I mmer wieder erweist es sich als Fehler, wenn westliche Länder die Augen vor Menschenrechtsverletzungen bei Bündnispartnern verschließen. Wie – scheinbar – klug die Gründe dafür auch jeweils sein mögen. Im Hinblick auf die Türkei unter Präsident Erdoğan ist das schon zu lange geschehen. Deshalb haben die EU, die Nato und die USA jetzt ein Problem.
Es war richtig, dass der Westen den gescheiterten Putsch in der Türkei verurteilt hat. Was immer man von Erdoğan hält: Wer im Militär ein geeignetes Instrument zur Rettung der Demokratie sieht, kann gleich einen Fuchs mit dem Schutz von Gänsen beauftragen.
Allerdings wäre es schön, wenn sich die Hüter der westlichen Wertegemeinschaft dessen auch erinnerten, wenn in Staaten außerhalb des Bündnisgebiets eine demokratisch gewählte Regierung vom Militär abgelöst wird – wie beispielsweise 2013 in Ägypten.
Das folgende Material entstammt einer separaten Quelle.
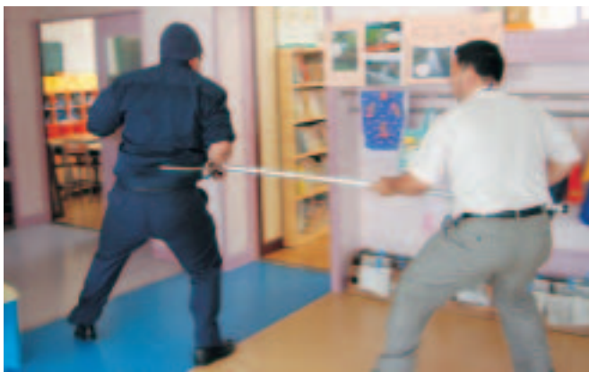
▲校内への不審者侵入を想定した避難訓練も行われている

登校時は集落単位による集団登校とし、下校時は子どもたちをできるだけ限り一人で下校させないように、学年単位や低学年による集団下校としています。そして、もし下校途中など知らない人に声をかけられても絶対についていけないこと。近くの民家やお店などがあれば飛び込むようにして助けを求めるように指導しています。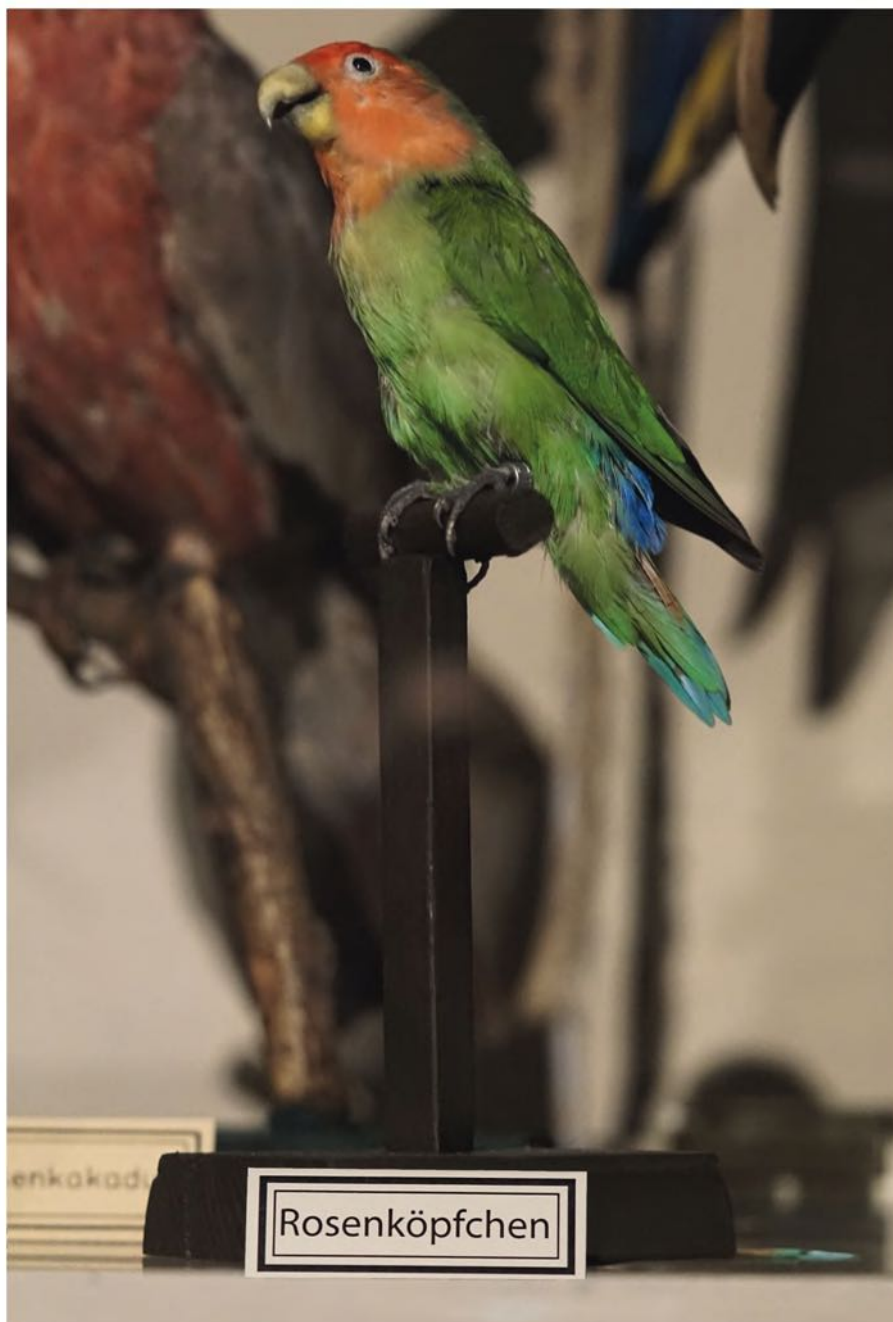
Abb. 10: Fertiges Präparat in der Ausstellung.

rationstechniken. Leitfaden für das Sammeln, Präparieren und Konservieren. Teil 1: Wirbeltiere. – Gustav Fischer Verlag, Stuttgart.

Sonst leidet die Glaubwürdigkeit. Ägypten möchte den Putschversuch in der Türkei übrigens nicht verurteilen. Den Beziehungen von Kairo zum Westen wird das vermutlich nicht schaden.
Da dies so ist: Warum sollte Erdoğan es ernst nehmen, wenn der Westen auf der Beachtung von Menschenrechten beharrt? Er hat gute Gründe für Allmachtsgefühle. Als Nato-Partner wird er gebraucht, die Europäische Union lädt bei ihm Flüchtlinge ab. Verständlich, wenn er glaubt, alles tun zu können, was ihm beliebt.
Vielleicht überreizt er jetzt doch sein Blatt. Der kaum verbrämte Vorwurf, die USA seien – irgendwie – in den Putsch verwickelt und man sei – so halb – im Kriegszustand mit den Vereinigten Staaten: der überschreitet sicherlich eine rote Linie. Aber bedeutet das irgendetwas Konkretes?
Niemand scheint eine Antwort darauf parat zu haben. Weil sich der Westen, wieder einmal, von einem Diktator abhängig gemacht hat. Und wieder einmal werden darunter zuerst Oppositionelle und Menschenrechtler leiden. Es ist eine Schande.